Türkiye's evolving welfare initiatives for people with disabilities have drawn attention, though they are widely still experimental compared to established systems
Türkiye has expanded its welfare regime significantly in the last two decades. Contrary to the welfare retrenchment agenda worldwide, the country has achieved an exponential increase in its social transfers and welfare allocations despite great challenges that occurred, even during the Great Recession of 2007-2013, in the COVID-19 pandemic and the 2022 Russian war, resulting in an extreme increase in global food and energy prices. It wouldn't be exaggerating to say that Türkiye has undergone a silent revolution in social policies in the last two decades.
Türkiye's total per capita health care expenditure with current PPPs has increased from $470 in 2002 to $1,088 by 2016 and $1,827 as of 2022 (as of the latest data), according to the Organization for Economic Co-operation and Development (OECD) statistics. Although not the best, Türkiye has climbed the ladder and has surpassed nine OECD members, including South Africa, Brazil, Mexico, Indonesia and India. The total contributory and non-contributory retirement payments of the country, which was TL 46 billion in 2007, increased to TL 185 billion as of 2016 and climbed up to approximately TL 1.2 trillion as of 2022. According to the latest data, Türkiye allocates 7.5% of its gross domestic product (GDP) to pensions, which is similar to the OECD average (7.7%). Türkiye has allocated 12.4% of its GDP to social spending as of 2019 (as the latest comparable data from the OECD). While in 2002, only 69% of the society was under the protection of the social security umbrella, by 2023, 99.5% is within the scope, including General Healthcare Insurance.

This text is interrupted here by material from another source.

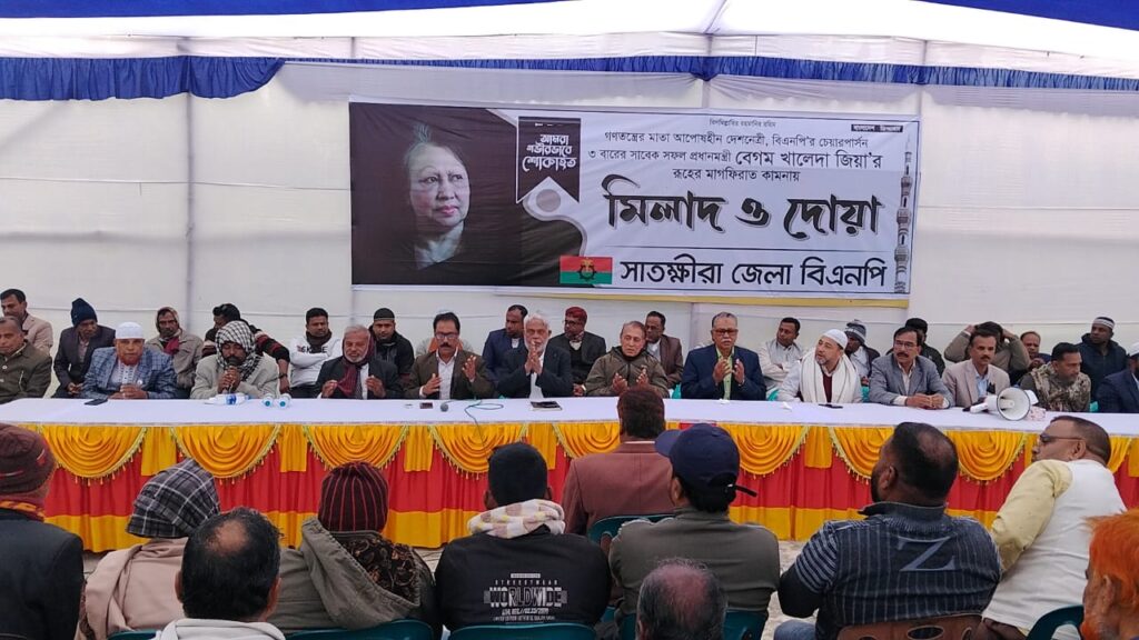 মোঃ হাফিজুল ইসলাম, সাতক্ষীরা : বিএনপির চেয়ারপারসন বেগম খালেদা জিয়ার রুহের মাগফেরাত কামনায় সাতক্ষীরায় মিলাদ এবং দোয়া মাহফিল অনুষ্ঠিত হয়েছে।

Additionally, the recent statistics of the Turkish Statistical Institute (TurkStat) show that this increase is continuing despite the recent financial fluctuations. Türkiye has tripled its total social protection expenditure from TL 334 billion in 2016 to TL 1.257 trillion (approx. $40 billion) as of 2022. Despite the recent retreat at the Gini Coefficient of Türkiye in 2023 (declined to 0.433 in 2023 from 0.415 in 2022), these welfare investments significantly contributed to the increase of well-being of the society, preventing income inequality and avoiding extreme poverty. It should be noted that the recent increase of the Gini coefficient of the country was primarily the result of the exchange rate crisis of 2022 and the accompanying decline in the purchasing power of the Turkish lira, not a result of policy changes or retrenchment of the Turkish Welfare Regime.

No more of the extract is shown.